Legendary investor Benjamin Graham, a mentor of Warren Buffett, is thought to have originated the idea of "special situation" investments. In his classic book The Intelligent Investor, Graham discussed how there can be mispricing between assets and markets.
Fulgent Genetics (NASDAQ:FLGT) may have found itself in a very special situation where the market is mispricing the core assets of the company due to the cloud of uncertainty surrounding COVID-19 testing.
In the right place at the right time
For years, Fulgent was a little-known biotech company laboring away in the genetic testing field. Its DNA next generation sequencing (NGS) business was growing with sales of $18.7 million in 2017, $21.3 million in 2018, and $32.5 million in 2019.

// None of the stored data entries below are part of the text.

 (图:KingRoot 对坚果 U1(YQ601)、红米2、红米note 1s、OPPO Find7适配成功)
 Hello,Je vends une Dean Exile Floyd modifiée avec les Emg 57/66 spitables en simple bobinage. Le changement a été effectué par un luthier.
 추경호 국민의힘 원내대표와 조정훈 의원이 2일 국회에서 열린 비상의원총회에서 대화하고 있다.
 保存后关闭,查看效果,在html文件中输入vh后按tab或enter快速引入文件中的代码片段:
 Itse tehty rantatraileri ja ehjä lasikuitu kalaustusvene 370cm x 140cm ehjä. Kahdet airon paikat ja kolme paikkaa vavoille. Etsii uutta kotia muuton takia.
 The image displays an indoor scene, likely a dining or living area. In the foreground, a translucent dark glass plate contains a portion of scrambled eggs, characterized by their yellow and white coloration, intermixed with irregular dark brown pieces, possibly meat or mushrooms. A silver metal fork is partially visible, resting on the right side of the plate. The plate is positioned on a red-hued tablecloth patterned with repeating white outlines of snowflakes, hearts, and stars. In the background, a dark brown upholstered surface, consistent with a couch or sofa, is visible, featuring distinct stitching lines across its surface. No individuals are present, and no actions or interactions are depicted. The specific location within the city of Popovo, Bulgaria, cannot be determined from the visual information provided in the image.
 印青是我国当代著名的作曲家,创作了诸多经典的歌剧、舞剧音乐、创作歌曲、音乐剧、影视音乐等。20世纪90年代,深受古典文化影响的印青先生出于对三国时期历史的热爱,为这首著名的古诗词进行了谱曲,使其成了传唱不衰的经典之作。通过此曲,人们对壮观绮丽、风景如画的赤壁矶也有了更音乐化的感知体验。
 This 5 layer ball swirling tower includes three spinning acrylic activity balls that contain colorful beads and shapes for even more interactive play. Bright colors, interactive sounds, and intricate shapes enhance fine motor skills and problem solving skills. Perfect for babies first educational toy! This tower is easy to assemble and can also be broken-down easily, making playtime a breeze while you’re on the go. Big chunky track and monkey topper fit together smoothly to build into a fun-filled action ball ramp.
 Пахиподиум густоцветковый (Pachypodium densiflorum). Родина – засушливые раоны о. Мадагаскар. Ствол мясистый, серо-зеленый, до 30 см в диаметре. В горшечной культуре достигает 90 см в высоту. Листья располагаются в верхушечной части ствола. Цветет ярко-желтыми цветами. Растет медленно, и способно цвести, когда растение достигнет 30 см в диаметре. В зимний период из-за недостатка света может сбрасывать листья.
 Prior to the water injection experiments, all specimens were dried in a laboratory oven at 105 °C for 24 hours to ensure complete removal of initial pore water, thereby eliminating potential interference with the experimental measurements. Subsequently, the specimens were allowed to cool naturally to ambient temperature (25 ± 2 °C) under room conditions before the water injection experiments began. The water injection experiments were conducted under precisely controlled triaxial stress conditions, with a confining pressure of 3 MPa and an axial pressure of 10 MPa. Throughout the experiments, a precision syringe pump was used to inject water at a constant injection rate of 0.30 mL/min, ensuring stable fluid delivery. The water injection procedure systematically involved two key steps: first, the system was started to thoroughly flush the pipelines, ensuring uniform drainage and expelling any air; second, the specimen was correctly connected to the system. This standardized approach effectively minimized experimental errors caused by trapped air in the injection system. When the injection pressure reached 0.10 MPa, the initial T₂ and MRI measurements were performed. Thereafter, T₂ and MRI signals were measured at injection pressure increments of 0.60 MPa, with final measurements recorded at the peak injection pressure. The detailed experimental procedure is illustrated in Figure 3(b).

The year 2020 was a different story. The coronavirus pandemic stirred demand for a massive amount of testing. Fulgent jumped into the COVID testing fray, propelling 2020 revenue by almost 1,300% to $421 million. Fulgent's stock price followed suit, growing from $13 in early 2020 to more than $189 at its peak. As has been the case for many pandemic winners, the fall has been steep. Shares are now trading down 60% off their highs.
What do you do after winning the lottery?

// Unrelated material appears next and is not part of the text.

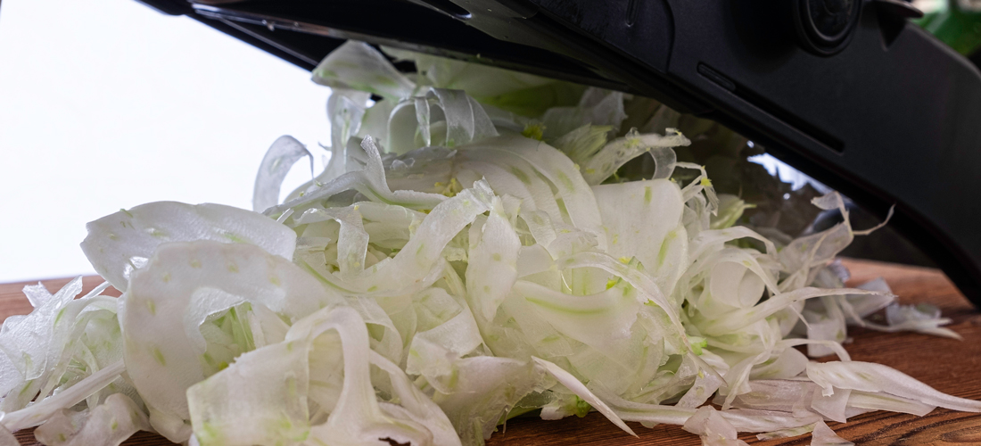 Thoroughly wash the fennel, celery and turnip, herbs and fresh chili. Remove any damaged sections or tough stalks. Cut the fennel in half and finely slice with a sharp knife, a mandolin, or a food processor with the slicing blade attachment. Slice the celery stalks to the same width as the fennel. Remove the remaining roots section from the turnip, peel and finely grate.
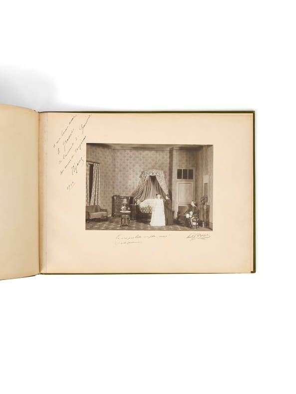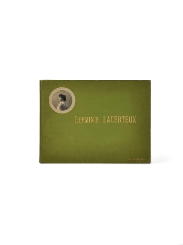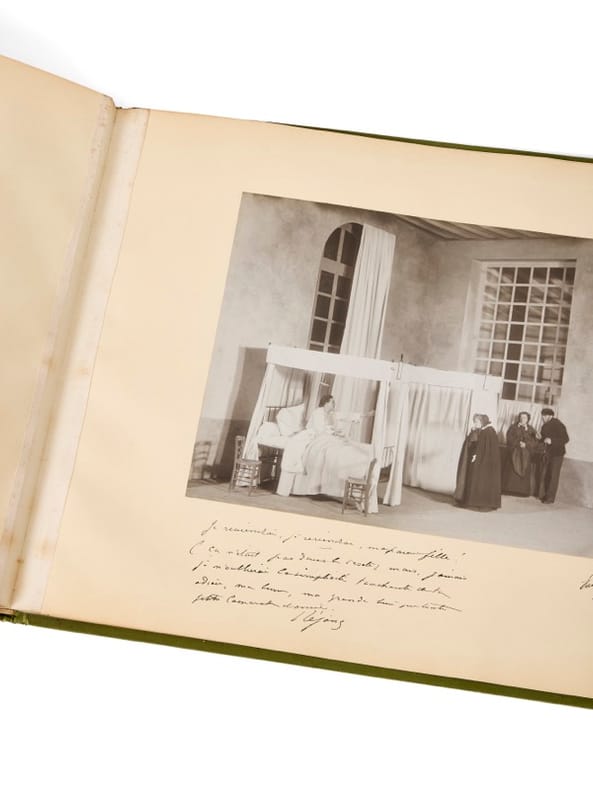 Cinq des photographies sont légendées et signées de la main de Réjane, qui y a recopié les vers de la scène représentée. Cette réunion de photographies, rare témoignage des quelques représentations données avant l'arrêt de la pièce sur recommandation de la censure, restitue la mémoire d'une aventure théâtrale mouvementée et précieuse. Créée le 23 décembre 1888, la pièce Germinie Lacerteux - adaptée du roman naturaliste des frères Goncourt - fut accueillie fraîchement par le public et violemment par la critique, qui en fit un scandale. Le Sénat réclama la suppression de la pièce et blâma les censeurs qui en avaient autorisé la représentation. Elle fut définitivement interdite le 5 février 1889. Ce soir-là, pourtant, parmi les rares soutiens enthousiastes de la troupe se trouvait Marcel Proust, venu féliciter Réjane. Celle-ci, devenue plus tard son modèle pour le personnage de la Berma, lui prêtera en 1919 un appartement dans sa maison de la rue Laurent-Pichat, où il recevra les premières épreuves de Guermantes. Seize ans plus tard, en 1903, la pièce est reprise au Théâtre du Vaudeville, toujours avec Réjane dans le rôle-titre et sa fidèle partenaire Daynes-Grassot. Cette fois, la critique est unanime, admirative : « rien que pour Mme Réjane il valait la peine de remonter Germinie Lacerteux pour quinze jours ; et rien que pour Mme Daynes-Grassot, il était opportun de la représenter pour deux semaines : il faut que les amateurs de théâtre aient vu Mme Grassot et Mme Réjane », écrit René Mazeroy dans Gil Blas. Paul Boyer immortalise la troupe et ces instants de gloire retrouvée ; Octave Mirbeau saluera cette renaissance dans la plaquette collective À Réjane. L'année suivante, Réjane rachètera le Nouveau-Théâtre de Lugné-Poe, qu'elle rebaptisera Théâtre Réjane après de grands travaux, y créant notamment L'Oiseau bleu de Maeterlinck et reprenant Madame Sans-Gêne, son rôle fétiche. Cet album, offert à sa « camarade de toujours » est accompagné de trois coupures de presse contemporaines saluant la reprise de la pièce et le jeu des deux actrices ainsi que d'une brochure d'hommage pour les 88 ans de Daynes-Grassot, lorsqu'elle remonta une ultime fois sur scène dans La Belle aventure. Coins de l'album émoussés.

As it turns out, Fulgent is a very capable operator, and was able to scale its business to deliver the testing with both high margins and high quality. As a result, a wave of cash has been flowing over the company.
As of the first quarter, Fulgent reported $697 million in cash on its balance sheet. Even though COVID testing volumes are winding down, estimates are Fulgent will close the year with more than $1 billion in cash -- quite the windfall for a year's worth of work.
Like most people who come into an unexpected fortune, Fulgent needs to think long and hard about how it's going to spend all that money.
One logical answer is for Fulgent to continue investing in its core NGS business. Even with potential clients distracted by COVID, Fulgent's NGS revenue in Q1 was up 115% year over year and 39% sequentially from the fourth quarter. This progress in the core NGS business will undoubtedly be helped by the visibility, relationships, and reputation Fulgent developed over the past year.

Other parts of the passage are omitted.